[ntp:questions] NTP Bug 2328 - Vista/Win7 time keeping inaccurate and erratic
martin.burnicki at meinberg.de
Thu Nov 28 09:31:03 UTC 2013
David Taylor wrote:
> I wish I could say it was all fixed in Windows-8, but it /is/ better there.
Windows 8 supports a new API which provides the system time with
If I remember correctly then Dave Hart has already implemented some code
in ntpd-dev some time ago which uses this API, if it is available.
This should allow ntpd to compute the difference between the system time
and some reference time very accurately, without requiring interpolation
between timer ticks or similar tricks. This is a precondition for
accurate synchronization of the system time.
On the other hand, as far as I know, there is no new API to apply
adjustments to the Windows system time more smoothly. The legacy API
only allows to specify to change the amount of time (in 100 ns units)
which is added to the system time at every 15.6 ms interval.

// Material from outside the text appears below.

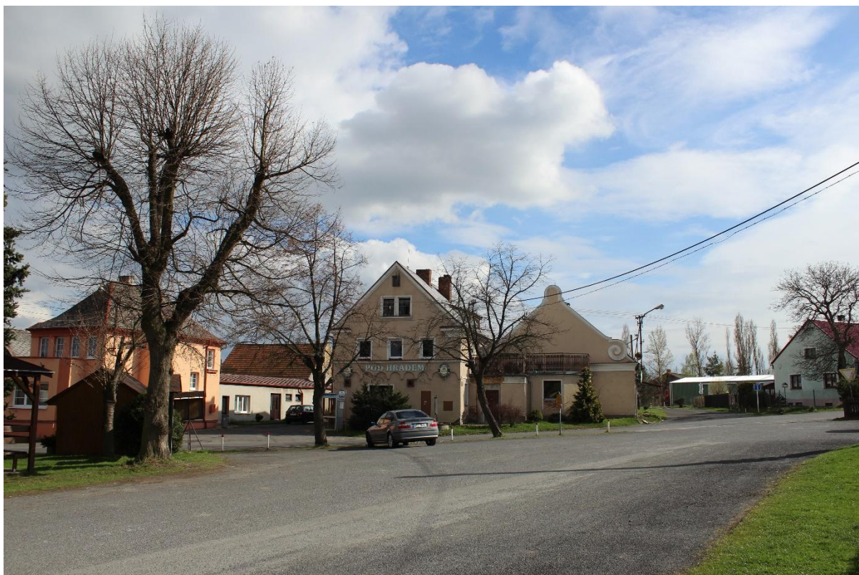
Obrázek č. 19 – Pohled na vyasfaltovanou část návsi

I.e., the standard value is 156000, and the clock drift can be changed
by setting the value to 156001 or 155999. Even these steps are often too
coarse, so ntpd provides a kind of PWM control which increases the
adjustment value. E.g. if the required drift compensation is only half
of what is gained by a +1 increment then ntpd increments the tick
adjustment for a certain interval, and then decrements it for the same
interval, resulting in a mean value of +0.5.
Things are even worse if the Windows kernel ignores small adjustments
below 16. In this case the time synchronization software had to change
the tick adjustment from 156000 to 156016 or 155984 to cause some effect
in system time keeping, so the PWM control has to account for this. E.g.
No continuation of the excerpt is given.